Freshman receive advising through the First Year Advising Center. Once a student completes 30 hours, they are released to their major department. At that point our Advisors assist psychology Sophomores in their transition to the department and offer suggestions on where to start in registering for upper level psychology coursework.
Keep in mind that advising is available throughout the semester, not just at registration. While you will have to see one of the APCs or our Coordinator before you can register for classes, you should feel free to contact them at any time during the semester. In fact, making an appointment before registration begins allows you to plan your courses in advance and get the classes that you want before they become closed.
To make an Advising Appointment sign in to your MyUWF, find the SSC Campus tool and follow these instructions.
How do you know who to see about a specific question or advising need?
Advising within the department is divided into three main functions: advising for course selection/registration/hold removal; complex advising situations; and advising for long-term and career planning.
If you are a B.A. Psychology student, your advisor is Diana Robinson. She can be contacted via email (firstname.lastname@example.org) or phone (850) 474-2354.
If you are a B.S. Psychology student, your advisor is Susan Drahos. She can be reached via email (email@example.com) or phone (850) 473-7757.

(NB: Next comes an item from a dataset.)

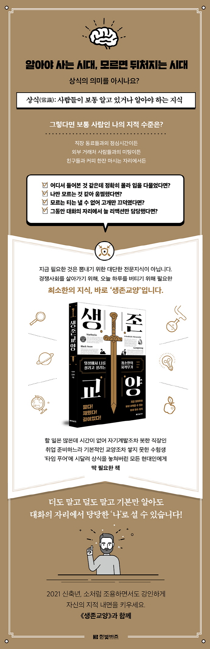 앞을 내다보기 어려운 요즘, 우리는 생존의 시대를 살고 있다고 말하는 이들이 많다. 장기적인 재테크를 포기하고 지금 당장을 걱정하는 사람들이 많은가 하면, 몸짱보다는 그저 오늘 하루를 살기 위해 체력을 키우는 사람이 많다. ‘버텨야 하는’ 시대이고, ‘해야 할 일에 집중해야 하는’ 시대라고 말한다. 지식의 세계도 다를 바 없어서, 이제는 ‘알아야 살 수 있는 시대, 모르면 모를수록 뒤처지는 시대’라고 해도 가히 지나치지 않다. 결국 지금 우리에게 필요한 것은 뽐내기 위한 전문지식이 아니라 이 사회를 살아가기 위해 꼭 요구되는 ‘생존교양’이다.

Our Advisors can answer many of the questions that students face as they work to achieve their major or minor in Psychology. Topics frequently covered include:
- Understanding your degree audit
- Developing a class schedule
- Hold Removal
- Registering online
- Selecting classes based on a student's interests
- Understanding course descriptions
- Understanding course requirements
- Psychology major requirements
- Psychology minor requirements
- Important dates and deadlines
- Academic Probation or Suspension
- Veteran’s Affairs Course Authorizations
- Military Degree Plans
- Course Substitutions
- Dual or Double Majors
- Course Waiting Lists
- Graduation Applications
Our Faculty can answer many of the questions concerning research and service related-applied learning, graduate school and career opportunities. Topics frequently covered include:
- How to find out about research opportunities and what is involved in registering for directed study
- What is required in completing a service learning or field study
- How to get the most out of your academic major
- How to prepare for graduate school
- How to find the best career opportunity
It is especially important for Sophomore and Transfer students to make a connection with either the APCs or our Coordinator in the first semester on campus so that we can get to know you and help you make the most of your academic program as a Psychology major or minor.
How do I get the most out of Academic Advising?
Our primary goal is to help undergraduate students with matters pertaining to academic progress and future career goals. Each student is responsible for understanding University, College and Department requirements. It is a good idea to visit with an advisor at least once a semester to ensure you are on track and taking appropriate coursework to obtain your academic goals. Time is always limited for both the student and the advisor, so below are some recommendations to prepare for an advising meeting. Before going to your meeting you might also check our Advising FAQs to see if your questions are listed there.
- Review the major degree requirements. Review your SASS audit prior to your appointment and bring a copy with you to discuss any questions or concerns. Highlight areas that need clarification.
- Have your questions ready. We can best help you when you know why you need to meet with us.
- Bring any forms or additional paperwork with you. We cannot fill out forms or sign if you do not have them, nor can we make recommendations without background information.
- Evaluate your academic and career goals. Knowing what you want in the future can help the advisor lead you to the correct theory or applied course work. Your advisor can also assess the courses you are taking or recommend options for you to consider.
- Take responsibility. It is up to you to follow through on the information and resources provided to you, including scheduling courses, meeting with other departments like Career Services, the Writing Lab, the John C. Pace library and others.